Key Facts from the CoreLogic Property Market & Economic Review:

•    A key support for the recent strength in the residential property market has been the stronger than forecast performance of the economy, especially with unemployment remaining lower than anticipated. From its current level of 5.3% (up from the recent low of 4.0%), the unemployment rate may only rise by another 1% or so. Meanwhile, timely indicators such as the NZ Activity Index show that the wider economy continues to recover, and sectors such as construction are still growing steadily (despite previous fears of a collapse).

•    Mortgage credit has continued to flow in the past few months after the slump in activity in April and May. The rise in activity over the second half of 2020 was so strong that it far outweighed the lockdown-related hiatus, and left the value of mortgage lending by the banks up by almost 10% for the calendar year, reaching new record highs over the final months of 2020.

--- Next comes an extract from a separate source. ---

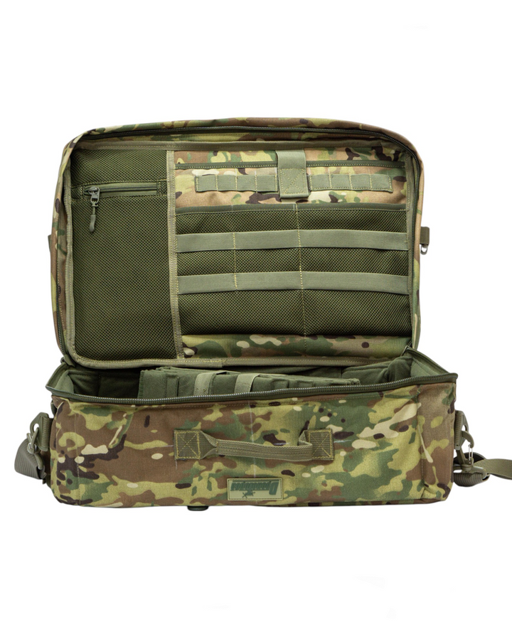 The Drone Carrying Bag is designed to securely transport your drone gear and personal items, offering ample space for up to 5 MAVIK sets or 2-3 sets plus personal belongings. Available in Multicam and Pixel colors.

•    Property sales volumes also picked up strongly in the final few months of 2020 and could have been even higher still were it not for the lack of listings on the market. Combined with low mortgage rates, that lack of choice for buyers has been a key contributor to the sharp growth in property values lately.

•    The CoreLogic House Price Index showed that average property values across NZ as a whole rose by 6.1% in Q4 – a figure not seen since the 6.6% rise in the three months to February 2004. Tauranga (10.2%), Wellington (8.1%), and Dunedin (6.4%) were all above that national average, with smaller areas such as Masterton and Whanganui also recording strong growth. Hamilton (4.1%) and Christchurch (3.4%) were slightly more subdued in Q4, but those growth figures were still fairly solid, especially for Christchurch (which has seen little change at all in property values for a number of years now).

“The main economic figures suggest things are progressing relatively well for NZ’s post-COVID recovery, with labour markets performing better than expected and economic activity rebounding well. Strengthening economic conditions point to continued momentum in the property market, backed by historically low interest rates which look set to stay at record lows for the year. However, after an 11% gain in housing values in 2020, growth in 2021 could be a little slower, as potential regulatory changes in the property market and affordability challenges start to take effect,” concludes Davidson.